Do you know what these are? Well, you may have been sitting next to them on your last airplane flight?

These big words are the names of germs. CBS 11 found these bacteria breeding on planes after we randomly swabbed 10-surfaces on two planes.

"We found roughly 3000 bacteria on this plate," said Microbiologist Karen Deiss of Armstrong Forensic Laboratory in Arlington. "The door was kind of filthy."

And then there was the seat tray. "That's klebsiella." Klebsiella is a stringy mucus-like bacteria we swabbed off a tray table. Looking down at the petri dish with a small, wet, mold looking white blob, Deiss said, "It's really gross looking on the plate."

But our researchers agreed, the most disgusting find came from inside the seat pocket.

Enterobacter asburiae. "Actually all of the bacteria we generated from this plate were associated with the human gut." Deiss did say the "human gut!"

"A lot of these bacteria that live in our gut ended up pretty concentrated on the backseat of the chair," explained Deiss.

Dr. Charles Gerba, the University of Arizona microbiology professor known as "Dr. Germ," is constantly warning travelers to use hand sanitizer and avoid the bathrooms on planes. In the last six years, he's collected more than 100-samples and found viruses such as influenza, MRSA, and diarrhea. And he's found them swiping all the same places we swiped.

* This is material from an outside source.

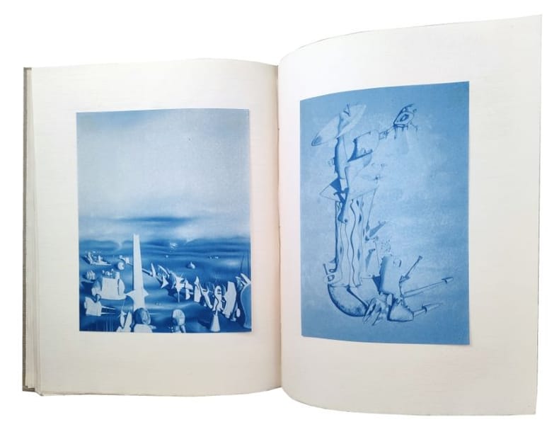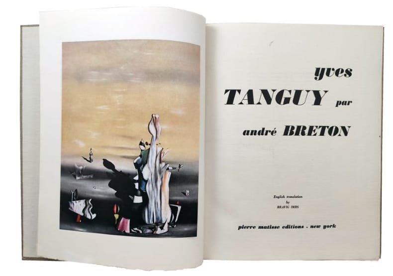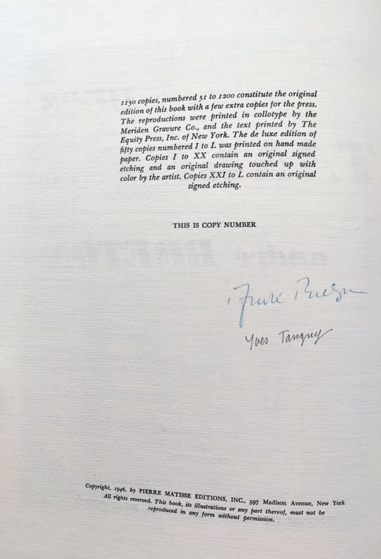 Texte d'André Breton en français et anglais (traduction par le poète Bravig Imbs). Tirage de 1150 exemplaires.L'illustration se compose de deux hors-textes en couleur, en frontispice et en p.52 , 33 reproductions pleine page, 19 dessins dans le texte et trois photographies.Exemplaire de luxe, d'un format légèrement supérieur, signé au colophon par Breton et Tanguy, non numéroté et ne comportant pas les suppléments accompagnant les exemplaires de tête mais dans la reliure spéciale réservée à ces exemplaires et comportant une gaze appliquée (tarlatane) sur les plats et au dos, et un étui muet. Schwarz 516. (2807.5) (105537)

Dr. Gerba tells CBS 11 our findings prove airplanes are not cleaned enough. He says bacteria likely lurked in the same place we found bacteria.

"It's an indicator of how clean the planes are," says Dr. Gerba. "There is no policy for cleaning or disinfecting. There are no recommendations by the health department."

Dr. Cedric Spak, Infectious Disease Specialist at Baylor University Medical Center of Dallas, says don't panic even though it does all sound "sick."

"Some of the bacteria that I've looked at here are consistent with what we found in urine or stool in normal people," explained Dr. Spak as he reviewed the lab reports we showed him.

Dr. Spak also told us how something that you might normally find in a place like the toilet could possibly end up in an airplane seat pocket.

"It is all the same type of bacteria that lives down under the belly button. I don't want someone to think I've got feces all over my front side, but that bacteria is there and that bacteria is found in some of these reports which means someone was scratching their belly button and then scratching their tray table."

It may sound awful, but Dr. Spak says it's all actually pretty normal.

"We are in a dirty world. We are supposed to be."

Dr. Spak says viruses can transmit from solid surfaces, but they will not live long on places like magazines or tray tables.